Option 3: PXE over managed IPv6
DHCPv6 does not advertise MAC address in the request so it is not possible to create host reservations and in PXE environment DUID (unique client identifier) changes every boot so the MAC address is the only reasonable way of identifing clients I think. To workaround that, the workflow would require DHCPv6 relay server with Client Link-Layer Address Option in DHCPv6 feature. In short:
Currently, the DHCPv6 specification [RFC3315] does not define a way
to communicate the client link-layer address to the DHCP server in
cases where the DHCP server is not connected to the same network link
as the DHCP client. The DHCPv6 specification mandates that all
clients prepare and send a DHCP Unique Identifier (DUID) as the
client identifier option in all the DHCPv6 message exchanges.

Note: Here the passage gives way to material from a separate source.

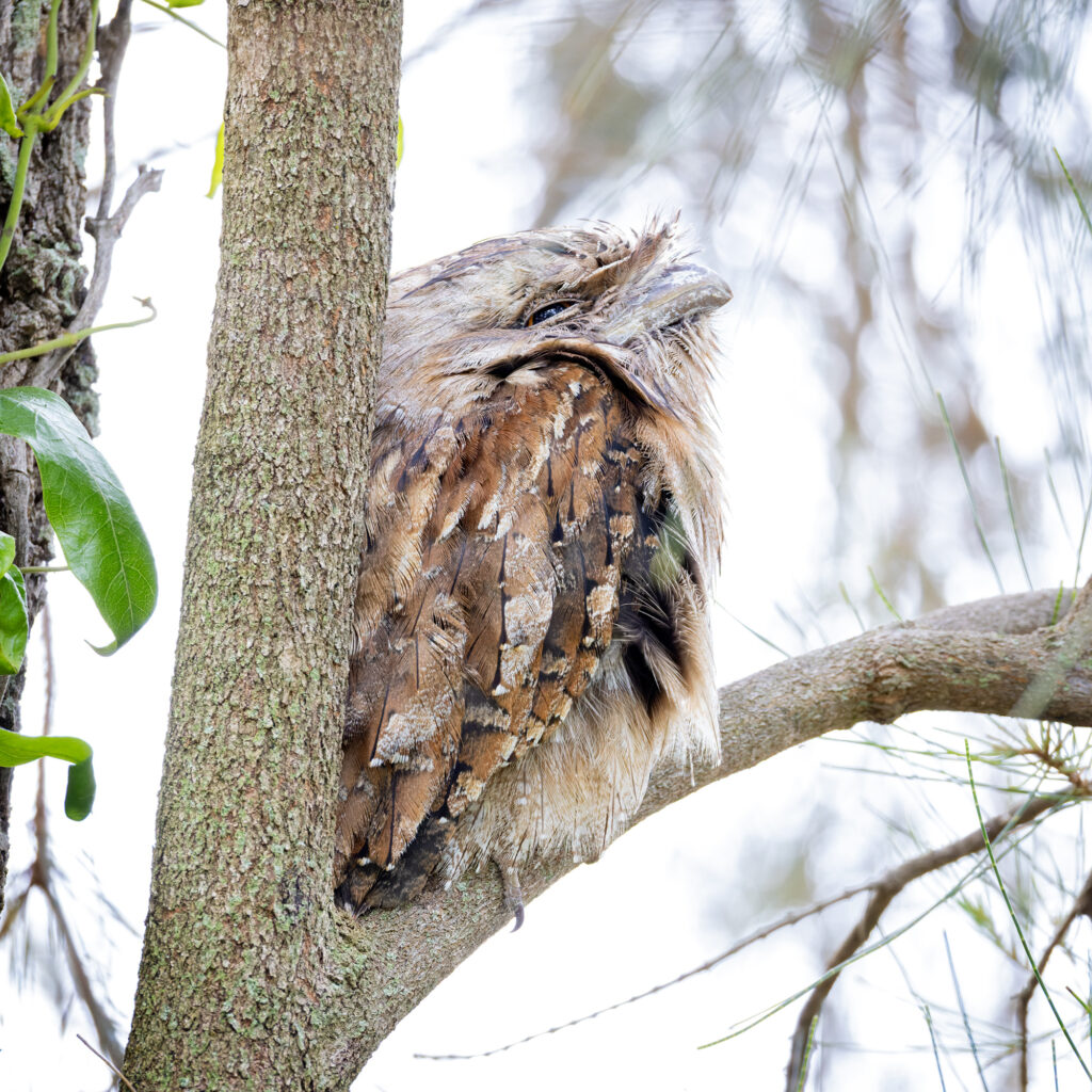 When I was first learning how to find tawny frogmouths during the daytime, I was told not to look for the bird itself, but for the tail. The rest of the bird can be almost impossible to see as it pretends to be a broken branch, while the tail often sticks out below at an angle completely opposite to what the branch should be. I’ve worked with these birds on multiple occasions, as they’re very widespread and generally easy to approach, but surprisingly hard to catch doing anything at all. I find them almost every time I’m out looking for owls — owls are rare, while frogmouths can be found in just about every park and observed daily. I even have a pair roosting and nesting in a local park just 100 metres from where I live.

However, none of these methods provide a simple way to extract a
client’s link-layer address. This presents a problem to an operator
who is using an existing DHCPv4 system with the client link-layer
address as the customer identifier and who desires to correlate
DHCPv6 assignments using the same identifier. [RFC4361] describes a
mechanism for using the same DUID in both DHCPv4 and DHCPv6.
Unfortunately, this specification requires modification of existing
DHCPv4 clients, and has not seen broad adoption in the industry
(indeed, we are not aware of any commercial implementations).
Providing an option in DHCPv6 Relay-Forward messages to carry the
client link-layer address explicitly will help the above mentioned
scenarios. For example, it can be used along with other identifiers
to associate DHCPv4 and DHCPv6 messages from a dual-stack client.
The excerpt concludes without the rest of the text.